The reservoir is a sandstone reservoir at a depth of approximately 1000 ft which has undergone water flooding for several years. The average oil saturation before ACP flood is approximately 44.3 %. The pilot area includes 6 inverted 7-spot well patterns. The polymer solution is assumed to be shear thinning. The reservoir and well descriptions are given in Table 5. The permeability field and well locations are shown in Fig. 17. The relevant grid with a 3-level LGR is shown in Fig. 18. Injectors are operated at constant injection rates.
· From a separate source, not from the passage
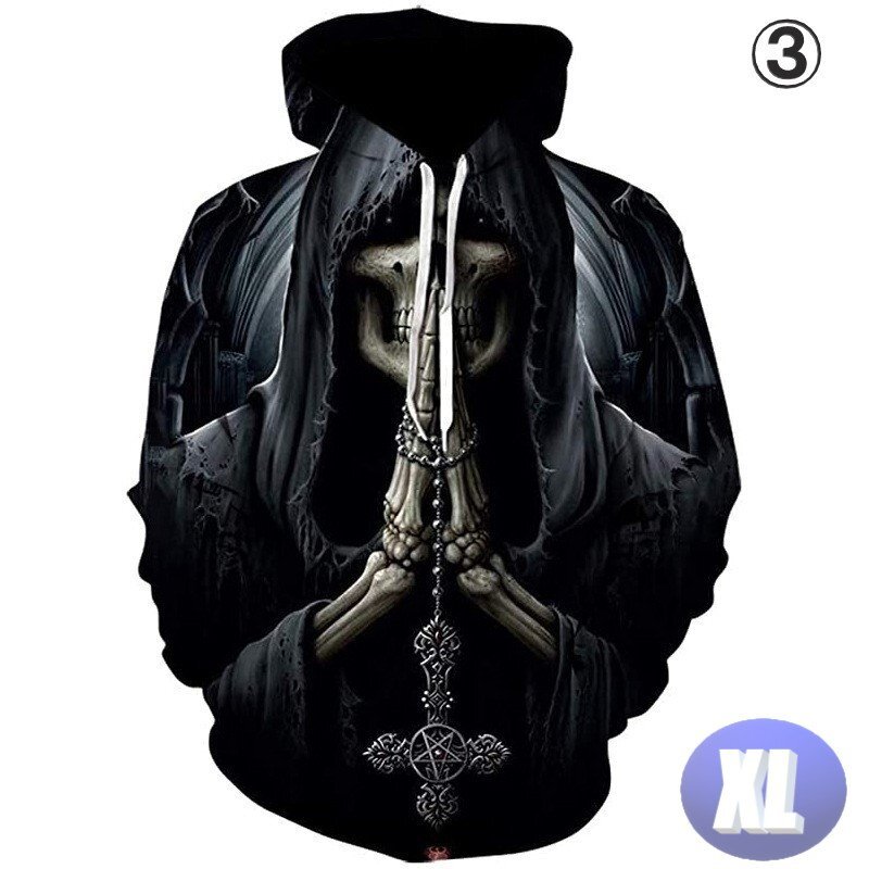 - フード付き ドクロパーカー カラー3 XL トレーナー アウター 防寒 n716

Table 5 Reservoir and well descriptions (Case 4)
Fig. 17
figure 17

Permeability distributions and well locations for Case 4

Fig. 18
figure 18

Schematic of the 3-level local grid refinement for Case 4

Figure 19 shows the BHP of Injector ECN-105i using different grids and well models (we note that other injectors have similar pressure profiles). For the original 42 × 37 × 5 coarse grid, the BHP is highest. When the grid is locally refined near the injector, the BHP decreases significantly, and the pressure change is more gradual, showing a significant improvement for estimating the BHP of the injector using the LGR. The 3-level LGR gives a much smaller BHP compared to the 2-level LGR. The results from the 2-level LGR and 3-level LGR are in very good agreement with the relevant FGR results, respectively, while taking much less CPU time (Table 6). Even though more CPU time is needed using the LGR as indicated by Table 6, one needs to consider the significant improvement in accuracy to balance the cost of computational time. The analytical injectivity model gives a similar trend but a different profile of the pressure compared to using the original grid and the LGR grids, because there is a non-zero skin factor for the well while the analytical injectivity model originates assuming that skin is equal to 0. This indicates that the analytical polymer injectivity model is not always useful for field cases.

Fig. 19
figure 19

Comparison of BHP for injector ECN-105i using different grids and well models for Case 4

Table 6 CPU times for Case 4 using original grid, LGR, and FGR

6 Summary and conclusions

We have used an efficient LGR algorithm to improve the accuracy of numerically estimating the near-wellbore solutions when dealing with complex rheology of polymer or emulsion solutions. We present an algorithm to generate the block list and connections and propose an efficient numerical scheme to couple the pressure and mass conservation equations using the LGR composite grid and with consideration of heterogeneous reservoir properties. Several numerical examples are carried out, focusing on polymer flooding, reservoir with fractures near injection wells, and ACP flooding. Simulation results reveal that the LGR is able to obtain more accurate polymer injectivity compared to using the coarse grid and the analytical injectivity model. The LGR can deal with more complex and realistic reservoir conditions such as fractures and skin. CPU time is significantly reduced using LGR compared to FGR. This offers a reliable and efficient solution to handle the general concern of reservoir simulations for the shear-dependent polymer rheology in chemical flooding projects.